Op 14 juni 2022 heeft de Rechtbank Amsterdam uitspraak gedaan in een zaak betreffende de overlevering van een opgeëiste persoon op basis van een Europees Aanhoudingsbevel (EAB) dat was uitgevaardigd door het Parket van de Procureur des Konings te Limburg, afdeling Hasselt, België.
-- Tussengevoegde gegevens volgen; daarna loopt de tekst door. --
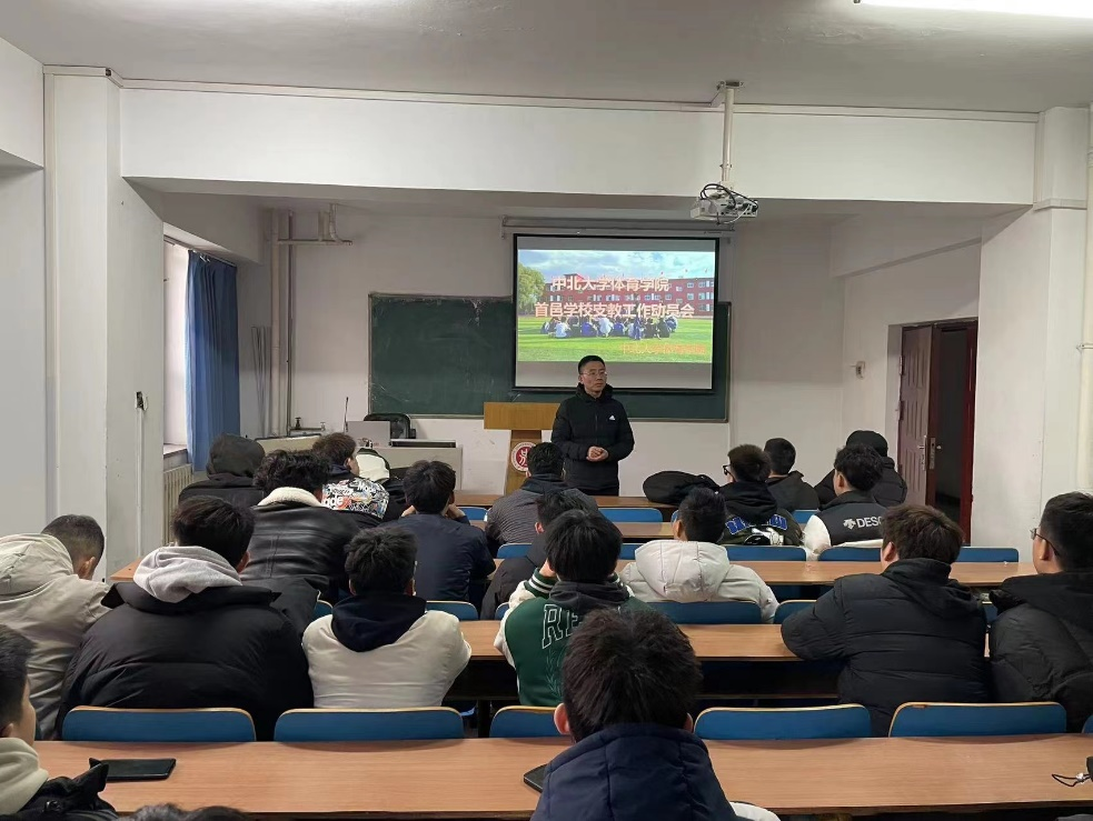 为了促进体育学院首邑学校支教团队的专业素质成长,切实提高支教团队工作管理水平,2023年2月24日下午,体育学院在院楼一层多媒体教室召开了新学期首邑学校支教工作动员会,会议由学生科科长李士荣主讲。
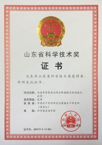 7月2日,2019年度山東省科技創(chuàng)新大會在濟(jì)南召開,表彰為山東省科技創(chuàng)新事業(yè)和經(jīng)濟(jì)社會發(fā)展做出突出貢獻(xiàn)的科技工作者。中國水產(chǎn)科學(xué)研究院黃海水產(chǎn)研究所蔣增杰研究員團(tuán)隊領(lǐng)銜完成的“淺海多營養(yǎng)層次綜合養(yǎng)殖模式的創(chuàng)建與應(yīng)用”成果榮獲山東省科技進(jìn)步二等獎。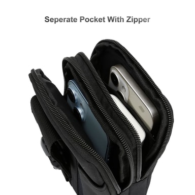 Bältesfickan för HTC ONE SU har den perfekta storleken: 18,5 x 12,5 cm. Huvudfickan passar smartphones upp till 6,7 tum.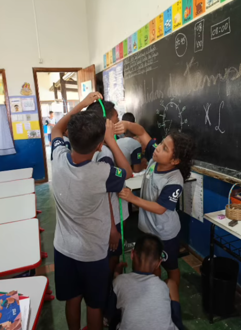 A professora Rosiene Vilalba Rólquis introduziu à turma do 2º ano um novo tema : as medidas! De maneira envolvente , os alunos foram guiados a explorar e comparar tamanhos, pesos, comprimentos e alturas, utilizando diversos instrumentos de medição do cotidiano.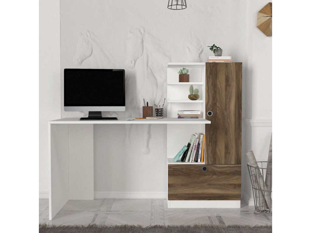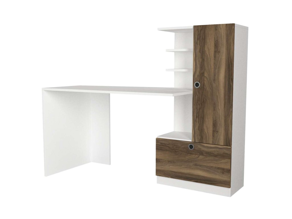 Stôl RHINOS je vyrobený z kvalitného LTD materiálu s hrúbkou 18 mm, čo zaisťuje jeho pevnosť a dlhú životnosť. Elegantná kombinácia bielej farby a orecha dodáva stolu moderný a štýlový vzhľad, ktorý sa hodí do akéhokoľvek interiéru. Praktická regálka poskytuje dostatok úložného priestoru pre vaše pracovné potreby a pomôcky.
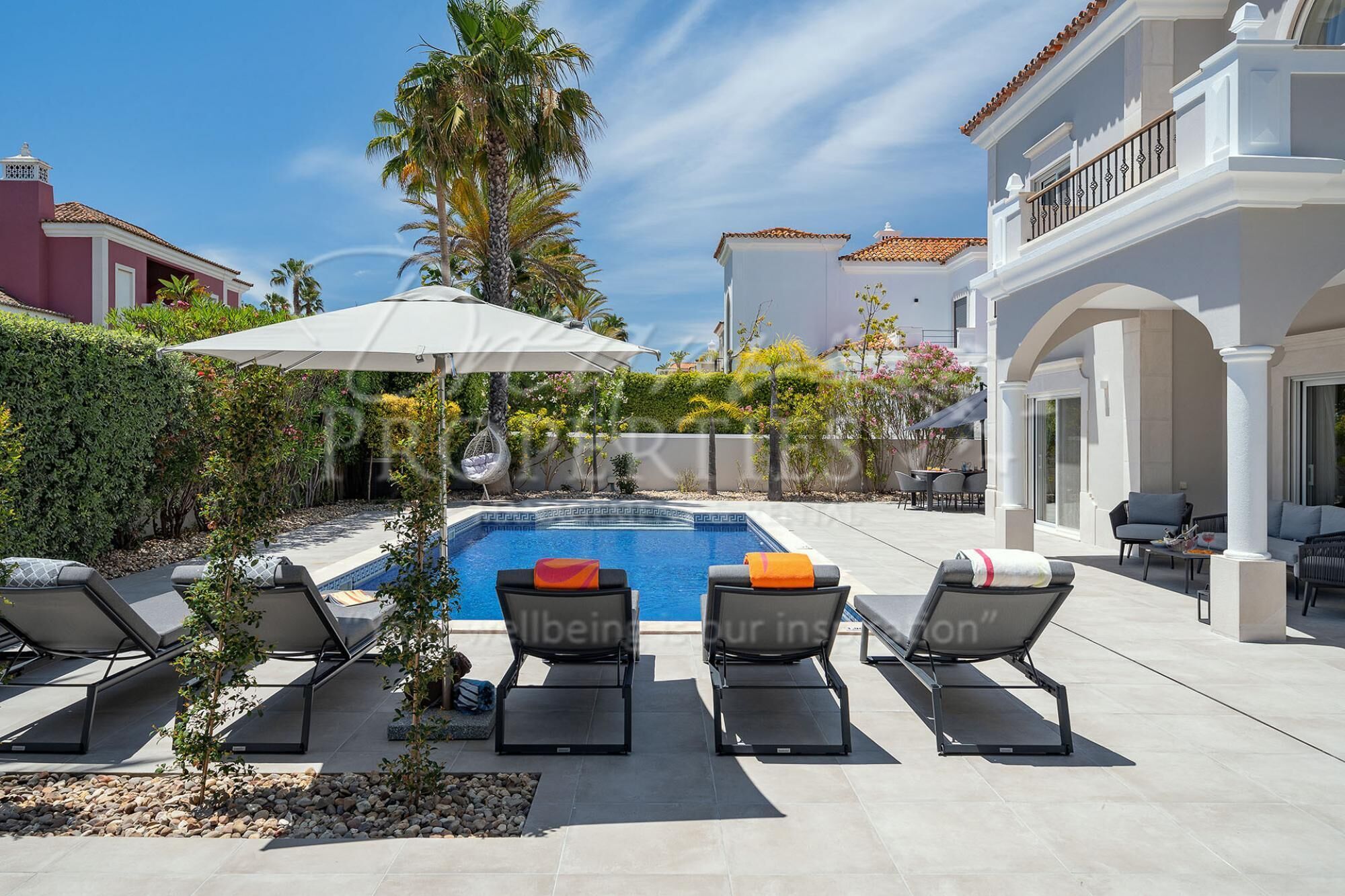 The large patio at the back of the villa is surrounded by green foliage and is perfect for Al-Fresco dining, with a dining table and sunloungers for relaxing. The private pool can be heated, and a safety gate can be installed on request **.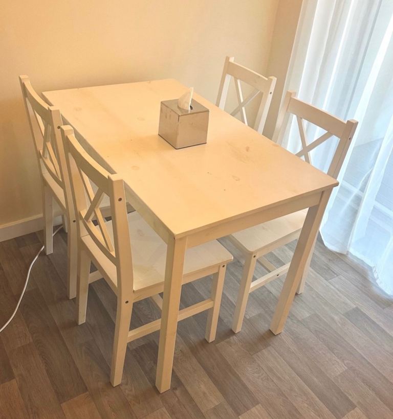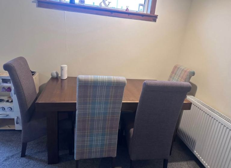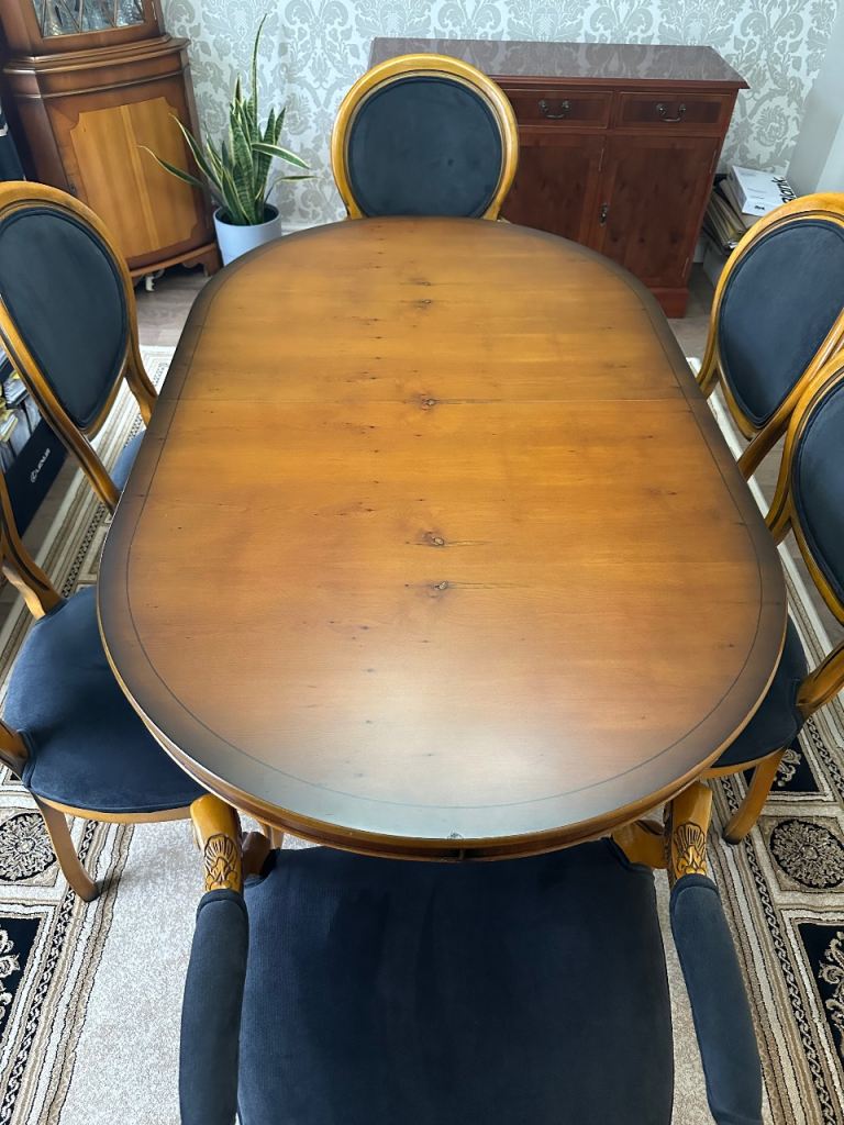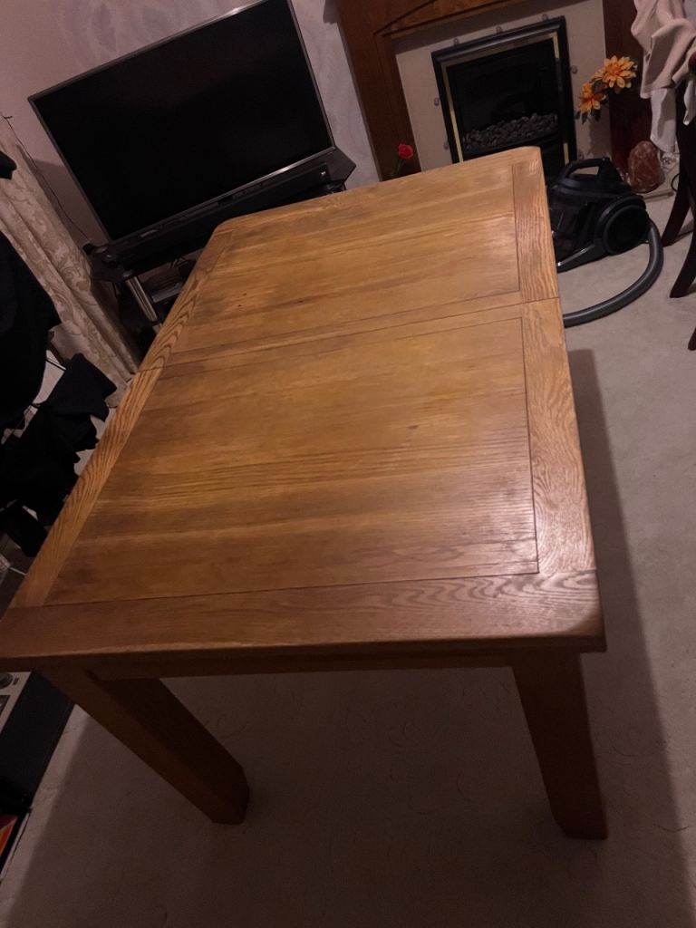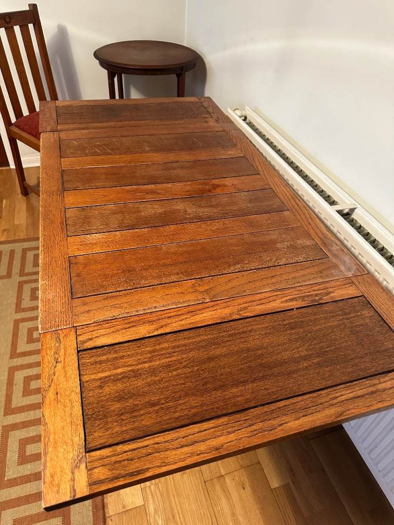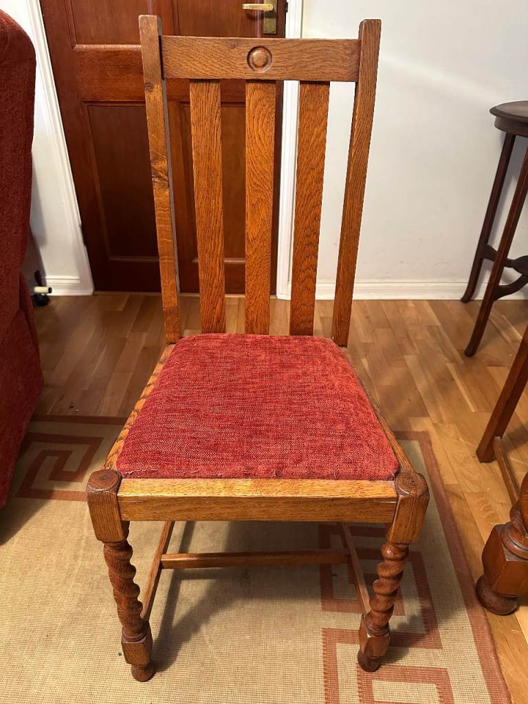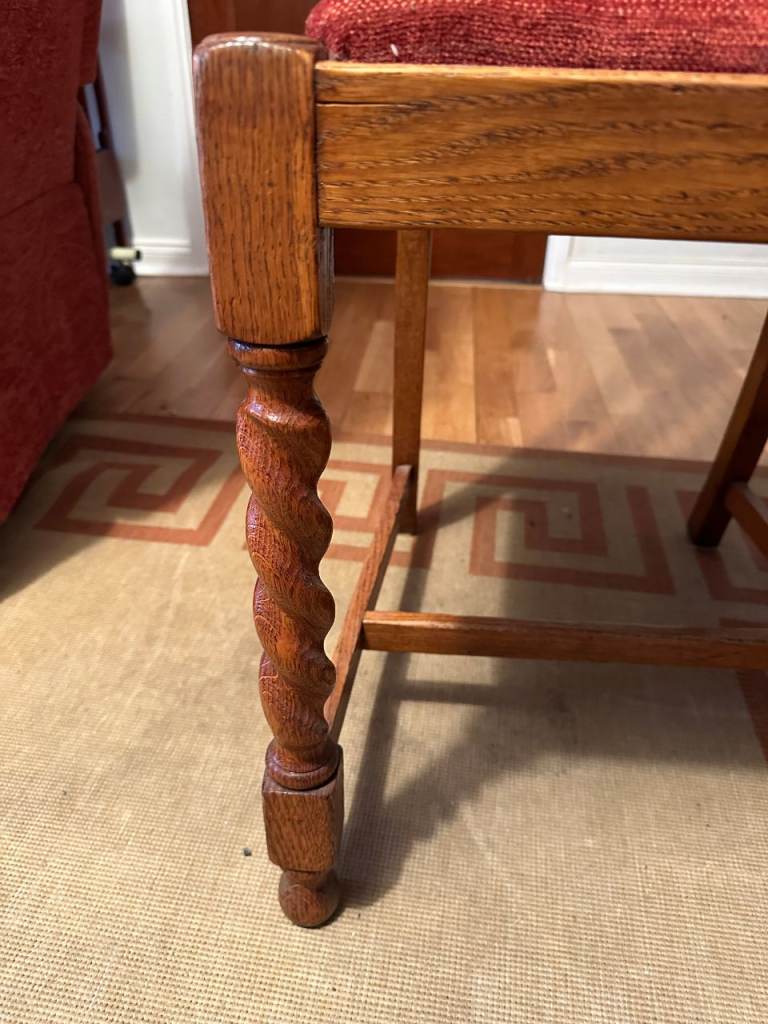 Antique oak barley-twist leg, extending dining table and three chairs. All in generally very good condition, especially considering the age. The table top extends by pulling out the two leaves at each end of the table. Table size 73cm wide x 90cm long, extending to 150cm long when both leaves extended. We also have a free dining chair advertised, it has matching fabric seat, but doesn’t match the other chairs, but may be useful. Asking £300. Any questions please message, or have a look, no obligation to buy. Collection from Fordingbridge. Cash sale only please.

De vordering tot overlevering was ingediend door de officier van justitie op 7 april 2022 en betreft een vrijheidsstraf van vijftien maanden die aan de opgeëiste persoon was opgelegd bij een vonnis van de rechtbank van eerste aanleg Limburg op 19 oktober 2021. De rechtbank heeft vastgesteld dat de identiteit van de opgeëiste persoon juist is en dat hij de Nederlandse nationaliteit heeft. Tijdens de zitting was de opgeëiste persoon bijgestaan door zijn advocaat, mr. B.A.C. van Tuinen.
De rechtbank heeft de weigeringsgrond van artikel 12 OLW niet van toepassing verklaard, omdat de opgeëiste persoon op de hoogte was van het proces en vertegenwoordigd was door zijn advocaat. De rechtbank heeft ook vastgesteld dat de feiten waarvoor de overlevering wordt verzocht, zijn opgenomen in bijlage 1 van de OLW, en dat de dubbele strafbaarheid niet hoeft te worden onderzocht. De rechtbank heeft de weigeringsgrond van artikel 6a OLW overwogen, maar heeft besloten om van deze grond af te zien, omdat de opgeëiste persoon al geruime tijd in België woont en het resocialisatieproces daar beter kan plaatsvinden.
De rechtbank heeft ook de detentieomstandigheden in België beoordeeld en vastgesteld dat er voldoende garanties zijn dat de opgeëiste persoon niet zal worden blootgesteld aan onmenselijke of vernederende behandeling. Gezien deze overwegingen heeft de rechtbank besloten om de overlevering toe te staan. De uitspraak is gedaan door de voorzitter en twee rechters, en er staat geen gewoon rechtsmiddel open tegen deze beslissing.